DATA SEGMENT:
****************************************
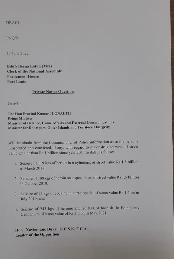 Où en sont les enquêtes ? A-t-des pistes concernant la saisie des 95 kilos de cocaïne valant 1.4 milliard, à bord d’une tractopelle, en 2019, notamment ? Ou encore la saisie de 119 kilos d’héroïne, valant Rs 1.8 milliard, dans 6 cylindres de gaz en 2017 ? Comment se fait-il que la police n’ait pas encore attrapé les gros requins ? Des questions que le leader de l’opposition, Xavier-Luc Duval, posera au Premier ministre au Parlement, en ce vendredi 17 juin. Voir l’énoncé de la PNQ ci-dessous :
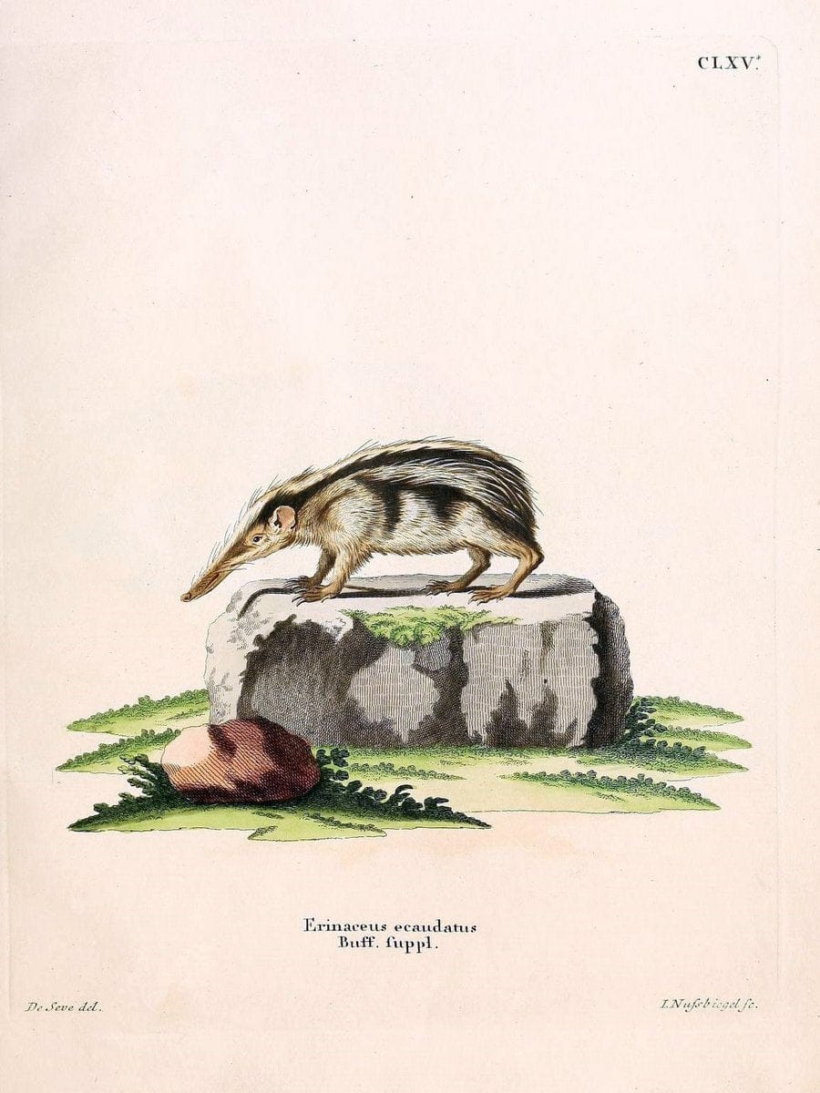 Die Säugthiere in Abbildungen nach der Natur /.Erlangen :Expedition des Schreber'schen säugthier- und des Esper'schen Schmetterlingswerkes [etc.,1774]-1846. |Mammals "Pictorial works" "Harvard University, MCZ, Ernst Mayr Library" |taxonomy:binomial=Erinaceus ecaudatus | artist:name=Jacques de Sève |
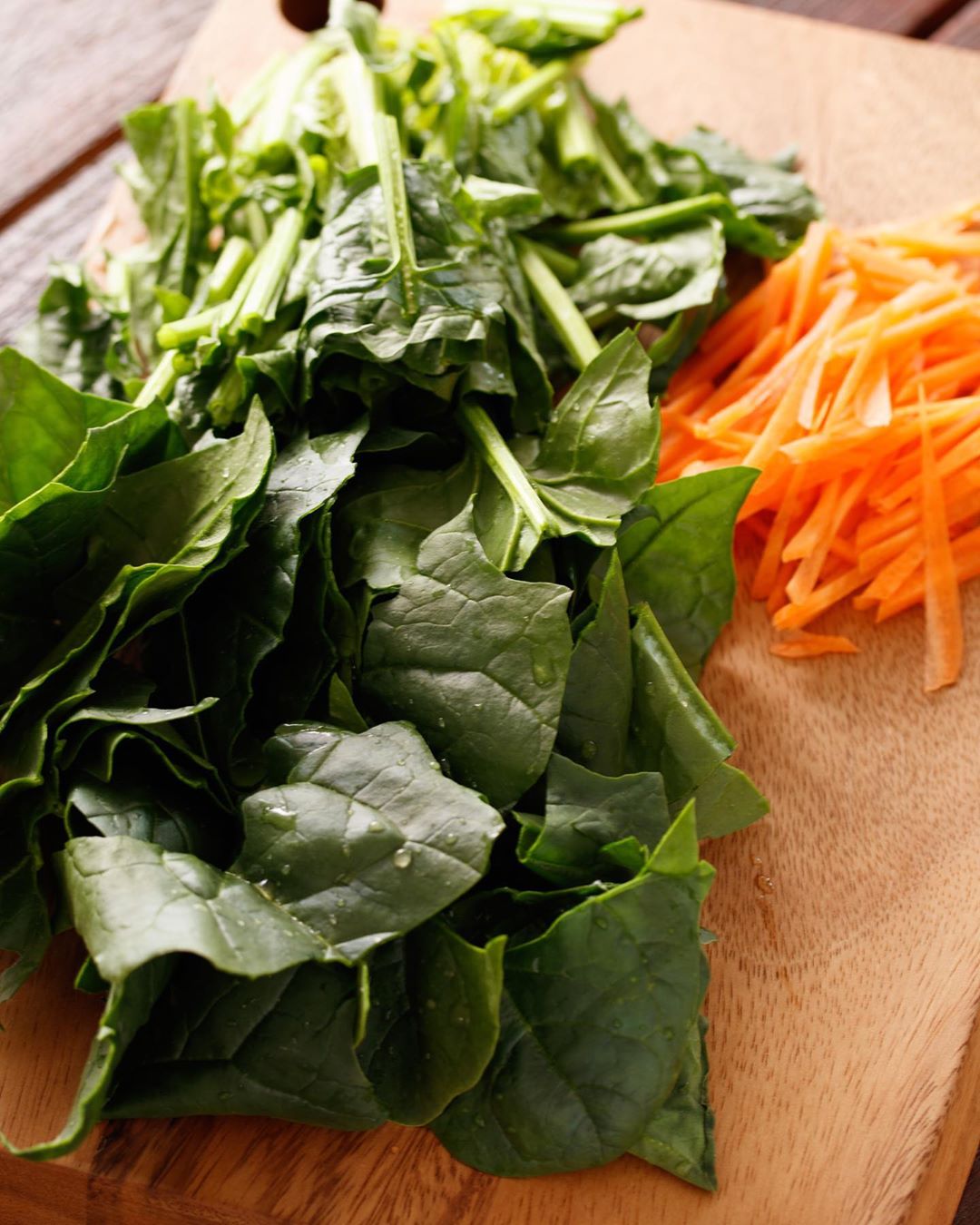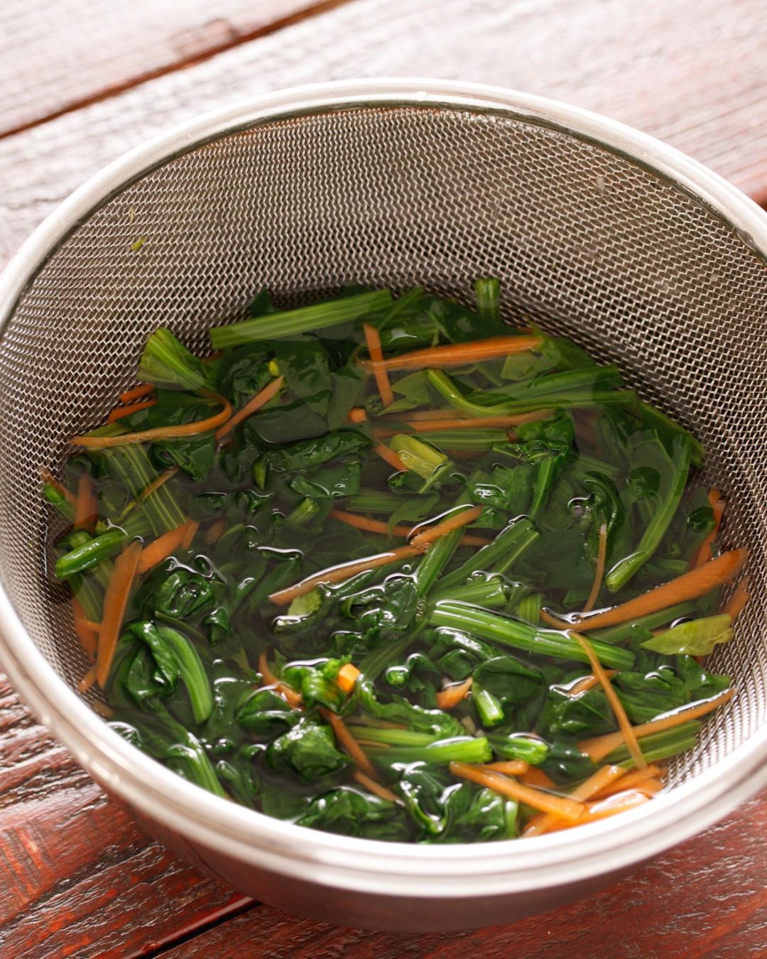 耐熱容器に、ほうれん草→にんじんの順に重ね、ふんわりラップをする。電子レンジ600wで約4分加熱し、冷水にとって水気を絞る。
****************************************
WHAT TO PRODUCE:
Once the pictures are removed, print all the remaining data exactly as it stands.

EXPECTED ANSWER:
 Où en sont les enquêtes ? A-t-des pistes concernant la saisie des 95 kilos de cocaïne valant 1.4 milliard, à bord d’une tractopelle, en 2019, notamment ? Ou encore la saisie de 119 kilos d’héroïne, valant Rs 1.8 milliard, dans 6 cylindres de gaz en 2017 ? Comment se fait-il que la police n’ait pas encore attrapé les gros requins ? Des questions que le leader de l’opposition, Xavier-Luc Duval, posera au Premier ministre au Parlement, en ce vendredi 17 juin. Voir l’énoncé de la PNQ ci-dessous :
 Die Säugthiere in Abbildungen nach der Natur /.Erlangen :Expedition des Schreber'schen säugthier- und des Esper'schen Schmetterlingswerkes [etc.,1774]-1846. |Mammals "Pictorial works" "Harvard University, MCZ, Ernst Mayr Library" |taxonomy:binomial=Erinaceus ecaudatus | artist:name=Jacques de Sève |
 耐熱容器に、ほうれん草→にんじんの順に重ね、ふんわりラップをする。電子レンジ600wで約4分加熱し、冷水にとって水気を絞る。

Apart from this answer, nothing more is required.